EVEN a child can frighten a grown-up. The boy or the girl just has to jump from behind a wall shouting ‘boo’ and the unsuspecting you will most likely be startled. So it would be technically wrong to say ‘Drona 2010’, Shaji Kailas’s first foray into the realm of the supernatural, fails to scare. It does, in a childish way.
A true horror film follows you out of the theatre; it is a relentless stalker. Its shadows shatter one’s sense of wellbeing.
There are stories of how Americans stopped using the bathtub after watching Alfred Hitchcock’s ‘Psycho’.
In that sense, there is no harm in watching ‘Drona 2010’.
The only feeling it might induce is anger, not because it tries to frighten unnecessarily, but because of its sheer lack of ingenuity. Shaji Kailas and writer A K Sajan are no greenhorns whose unthinking ways could be glossed over with an indulgent smile that says “boys, next time be more thoughtful.” They are veterans whose follies could embarrass those who hold them in a certain regard.

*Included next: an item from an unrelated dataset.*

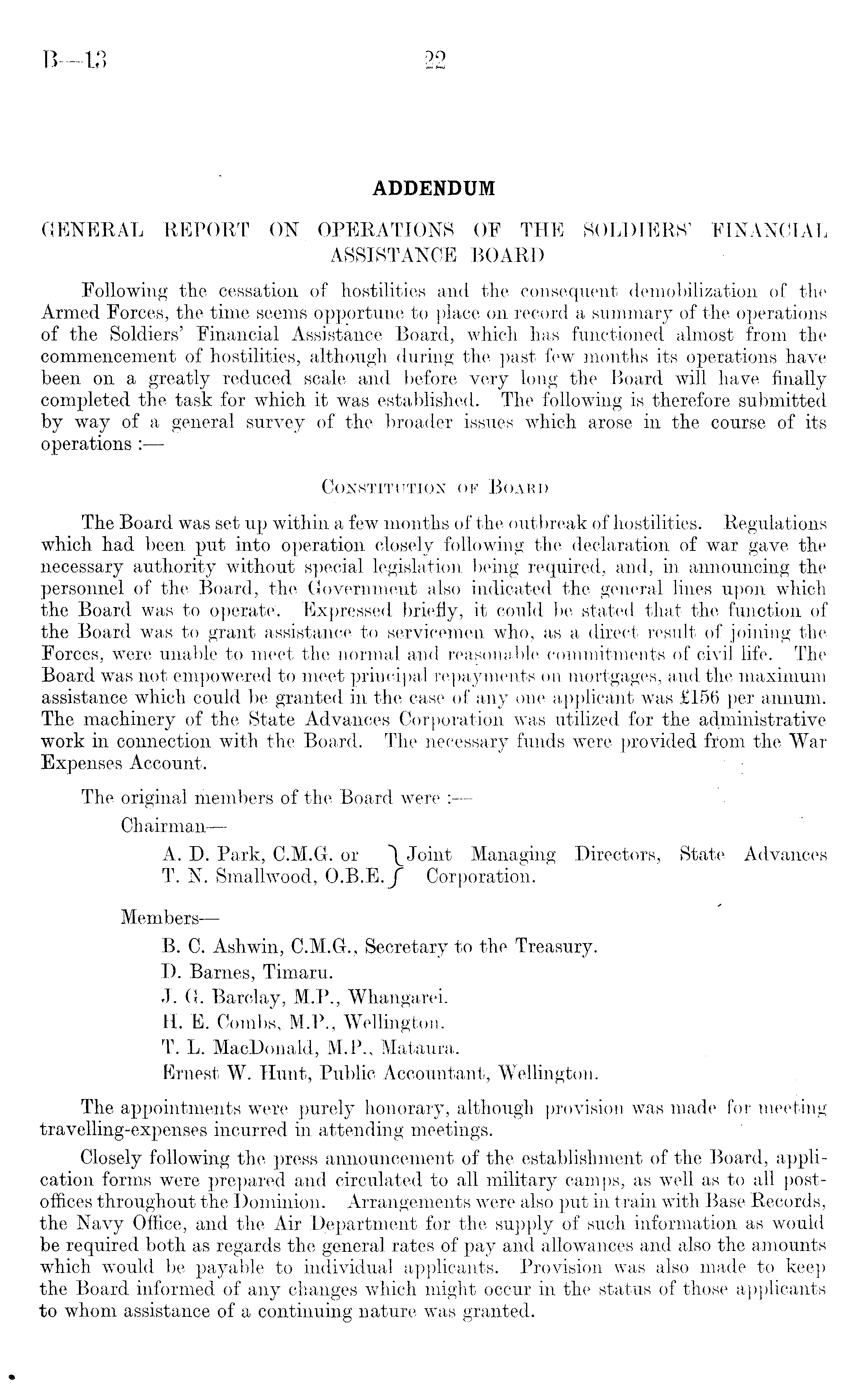 ADDENDUM GENERAL REPORT ON OPERATIONS OF THE SOLDIERS' FINANCIAL ASSISTANCE BOARD Following the cessation of hostilities and the consequent demobilization of the Armed Forces, the time seems opportune to place on record a summary of the operations of the Soldiers' Financial Assistance Board, which has functioned almost from the commencement of hostilities, although during the past few months its operations have been on a greatly reduced scale and before very long the Board will have finally completed the task for which it was established. The following is therefore submitted by way of a general survey of the broader issues which arose in the course of its operations : Constitution of Board The Board was set up within a few months of the outbreak of hostilities. Regulations which had been put into operation closely following the declaration of war gave the necessary authority without special legislation being required, and, in announcing the personnel of the Board, the Government also indicated the general lines upon which the Board was to operate". Expressed briefly, it could be stated that the function of the Board was to grant assistance to servicemen who, as a direct result of joining the Forces, were unable to meet the normal and reasonable commitments of civil life. The Board was not empowered to meet principal repayments on mortgages, and the maximum assistance which could be granted in the case of any one applicant was £156 per annum. The machinery of the State Advances Corporation was utilized for the administrative work in connection with the Board. The necessary funds were provided from the War Expenses Account. The original members of the Board were : Chairman — A. D. Park, C.M.G. or \ Joint Managing Directors, State Advances T. N. Smallwood, 0.8. E./ Corporation. Members — B. C. Ash win, C.M.G., Secretary to the Treasury. D. Barnes, Timaru. J. G. Barclay, M.P., Whangarei. H. E. Combs, M.P., Wellington. T. L. Mac Donald, M.P., Mataura. Ernest W. Hunt, Public Accountant, Wellington. The appointments were purely honorary, although provision was made for meeting travelling-expenses incurred in attending meetings. Closely following the press announcement of the establishment of the Board, application forms were prepared and circulated to all military camps, as well as to all postoffices throughout the Dominion. Arrangements were also put in train with Base Records, the Navy Office, and the Air Department for the supply of such information as would be required both as regards the general rates of pay and allowances and also the amounts which would be payable to individual applicants. Provision was also made to keep the Board informed of any changes which might occur in the status of those applicants to whom assistance of a continuing nature was granted.
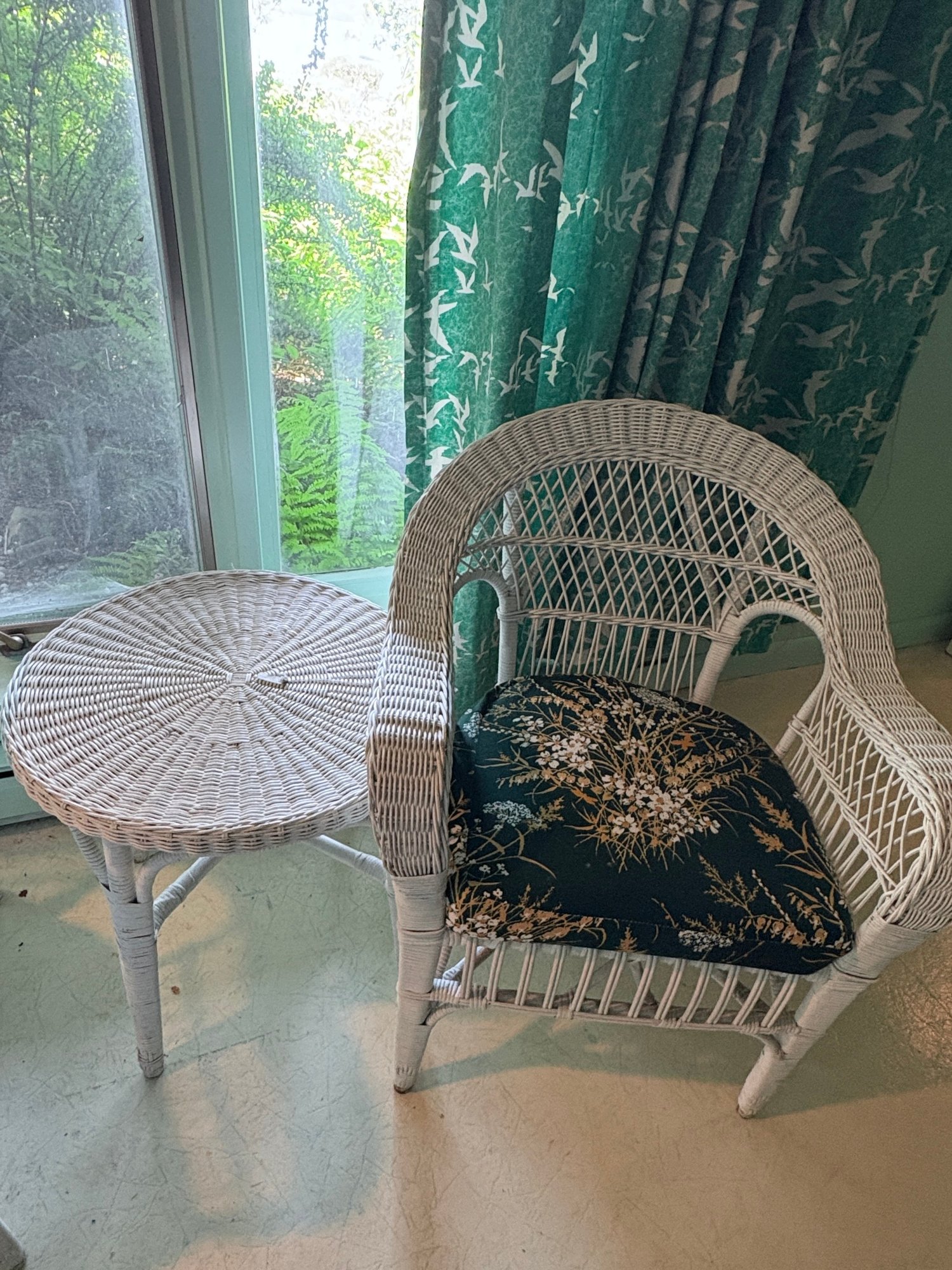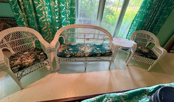 Four Piece White Wicker Set With Cushions

Shaji, though he always seemed to possess the philosophical depth of a local thug, is a kind of filmmaker who could give his frames an impressive technical polish. A K Sajan too has written some decent thrillers, the notable recent ones being ‘Chinthamani Kola case’ and ‘Nadiya Kollappetta Raathri.’ The reasoning used in ‘Drona’ to define the supernatural in earthly terms is murky; at the very least, unformed. It feels as if Shaji Kailas, while in the process of making ‘Drona’, developed a kind of multiplepersonality disorder which made one part of him blindly believe in the existence of spirits, another part repulse these very spirits using uncommon sense and yet another part in completely in awe of the superstar. The result was a film that looked thoroughly deranged, in a funny sort of way. But this is not to deny the flashes of brilliance that appear in the film, rarely than even the elusive ghost that at times passes as a blur along the background: the sudden top shot of a girl running into the woods seen at a distance; a moving shadow that falls on the people inside a haunted house; another top shot of the elements growing restless over a deserted market in the dead of the night. These shots are adequately eerie, very cinematic. But these add up to nothing; two or three lighted bulbs do not make a festival of lights.
‘Drona’ takes us to the climax through innumerable ‘false leads’. A false lead is used in crime stories to throw the viewer off scent, to keep his suspicion directed towards everyone else other than the real culprit, so that when the final revelation is made it comes as a knock-down surprise. A clever false lead will not look out of place on second viewing. If the viewer understood it differently while watching the sequence the first time it was because he was under the hypnotic spell of the filmmaker. Most of the ‘false leads’ in ‘Drona’ cannot be accounted for by any amount of logic.
Once the film is over, they look even more preposterous. The final showdown in ‘Drona’ brought to mind, for no particular reason but perhaps for the kind of stupor it had once induced, the infinitely stretched war sequence in Ramanand Saagar’s ‘Ramayana’ where arrows and all sorts of strange weapons keep flying and flying and flying and never meet.